Goji exists in that window.


Equity and Positionality

Ecological calendars have historically been the domain of Indigenous and land-based communities whose intergenerational relationships with their landscapes encoded knowledge that formal science is only beginning to formalize. The Warren County research was conducted on unceded Indigenous territory, with IRB approval, full participant consent, and a methodology grounded in epistemic humility and the Two-Eyed Seeing framework, which holds Indigenous ecological knowledge and academic science simultaneously without flattening either.
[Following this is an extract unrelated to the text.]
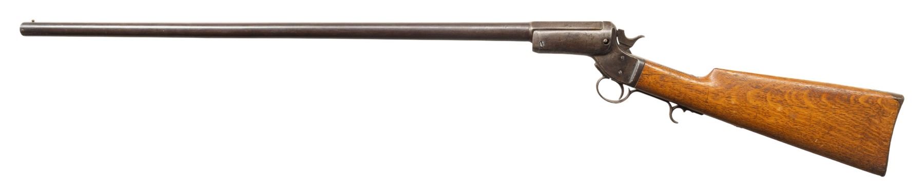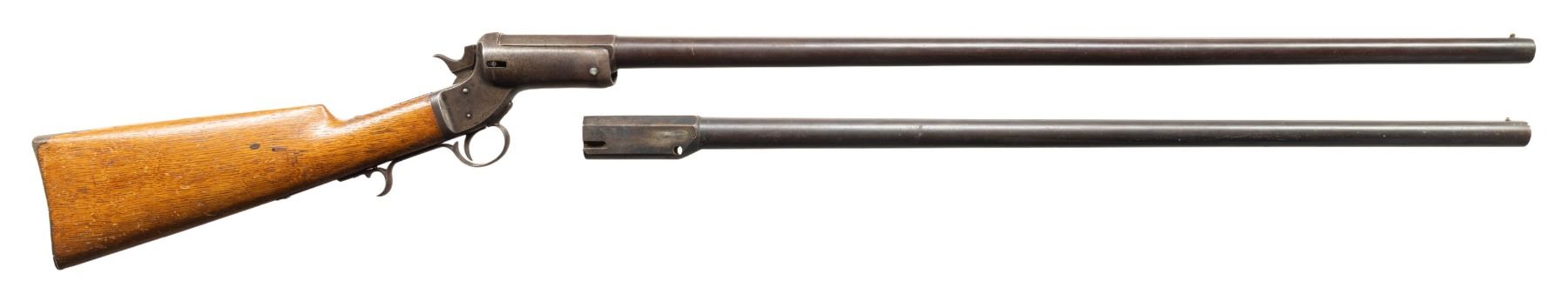 Cal. 12 Ga. S# 6805. Bbl. 30 1/4" w/ steel bead & Full choke. Tip up action w/ finger rest triggerguard; missing opening button, crossbolt, extractor & link. Replacement hardwood buttstock w/ curved buttplate. UNATTACHED ACCESSORIES: additional 28", cal. 12 Ga. barrel numbered "4879" w/ brass bead. Barrel shows fading brown mixing with brown patina, marks & pitting. Pitted bore. CONDITION: balance of barrel is brown patina with oxidation & marks. Receiver & chamber portion of barrel is cleaned gray appearance with pitting, oxidation & marks. Fair wood finish. Pitted bore. PROVENANCE: Estate of Groves Herrick. (01-28311/MD). ANTIQUE. $300-500.

The communities whose knowledge Goji encodes must own and govern that knowledge. The platform is designed to be accessible without technical expertise, and future development needs to take seriously the question of offline and low-infrastructure access, because the knowledge encoded in these calendars needs to be able to travel beyond screens.


Next Steps

  • Fragility layer: Surface the mathematical fragility analysis as a visible overlay in the calendar, showing users which indicator chains are most at risk under continued climate forcing based on resilience scores and deformation mode classification.
  • Community co-design: Iterate on the calendar interface with Warren County residents through structured workshops, incorporating feedback on usability, cultural fit, and knowledge sovereignty.
  • Offline formats: Develop printable seasonal round and field guide formats so the relational knowledge encoded in the calendar can persist without digital infrastructure.
  • Cross-calendar comparison: Implement the bottleneck distance metric to enable structural comparison across calendars from different communities and regions, supporting the comparative analysis that Kassam's cross-regional work calls for.
  • Chat memory: Allow users to revisit past calendar-building conversations so the calendar can grow incrementally across seasons rather than being rebuilt from scratch.

References

The full bibliography is available in the underlying thesis. Key sources include:

  • Kassam, K.-A. (2018). Anticipating Climatic Variability: The Potential of Ecological Calendars. Human Ecology, 46, 249-257.
  • Kassam, K.-A. (2022). Rhythms of the Land: Seasonal Calendars and Climate Change. McGill-Queen's University Press.
  • Lotka, A. J. (1925). Elements of Physical Biology. Williams & Wilkins.
  • Strogatz, S. H. (2015). Nonlinear Dynamics and Chaos. Westview Press.
  • Edelsbrunner, H., Letscher, D., and Zomorodian, A. (2002). Topological Persistence and Simplification. Discrete & Computational Geometry, 28(4), 511-533.
  • Borsuk, K. (1948). On the Imbedding of Systems of Compacta in Simplicial Complexes. Fundamenta Mathematicae, 35(1), 217-234.